Description
Currently, macro invocations piggyback off an existing syntactic form, the array literal. We'd like more flexibility.
Macro invocation syntax
The proposed invocation syntax will extend the grammar roughly as follows (the exact syntax for identifying an invocation will be decided later. However, they will need to be distinguished from function invocations at parse-time.):
Expr ::= ... | Identifier "{" Balanced* "}"
Balanced ::= "(" Balanced* ")" | "[" Balanced* "]" | "{" Balanced* "}" | AnyOtherToken
Parsing macro invocations
The tricky part is having macros consume Balanced
s in a useful way. An example invocation to an example macro:
my_let {
x := 4*7;
y := str::len("(-:") + 18;
x + (y*x)
}
Here's how we'd like to define my_let
(rep()
is like Macro by Example's ...
):
pat_macro {
my_let { /*BNF-like notation here*/
rep(var=Identifier ":=" val=Expr ";") body=Expr
}
=> /* transcribe this, with interpolation of `var`, `body`, and `val`*/
{ |rep(var)| body } (rep(val))
/* like ((lambda (var ...) body) val ...) */
}
Proposed implementation
I believe that this can be implemented in a minimally-invasive way. pat_macro
will be a syntax extension which takes a BNF-like notation for the invocation parser on the inside of the <macro_name>{}
, and a Balanced
on the right side of the =>
. (The only reason not to parse it as an Expression is that rustc has no data structure for incomplete ASTs.) (It would be friendly to also parse it as an expression, using dummy values for interpolated syntax, to check that it will parse correctly.)

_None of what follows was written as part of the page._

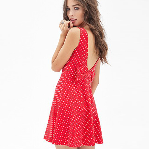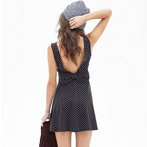 This dress features dots pattern,filled with retro,stylish and elegant elements. Backless style,

At macro expansion time, the Balanced
will need to be parsed (well, re-parsed) according the the grammar of the macro. We can do this by building a lexer that takes a Balanced
instead of a string as input. The parser will interpret the macro's BNF-like pattern, delegating to the Rust parser for things like Identifier
and Expr
.
There are two ways for the shim lexer to deal with interpolated syntax. The bad one is to pretty-print the interpolated ASTs and re-lex them before sending them to the parser again. The better one is to use special tokens to hand the parser pre-parsed ASTs for it to return immediately.
Possible extensions
Syntax for lexer-skipping syntax extensions
If we remove #
from ordinary macro invocation syntax, we can use it to provide quotation for un-lexed syntax. Delimiters would work in a Perl-like fashion:
#regex(\w+\s*) //parens inside must match
#regex|\\w+\\s*| //backslashes escape delimiter
String-examining/lexer-skipping macros
pat_macro {
fmt { format=StringContents("%" spec=Letter | percent="%%" | literal=NegativeCharClass("%")) "," rep(arg=Expr, ",") }
=> /* ??? */
}
fmt{"Look at this number: %u", 18u}
Making macros look inside strings should be fairly simple, but most practical applications will probably require lots more power from the macro system.
Invocations at non-expression position
What if we want macros to generate non-expressions (especially items, types)? It seems like we need a separate invocation form for every nonterminal we want to extend. Fortunately, expressions cover a lot of the interesting territory.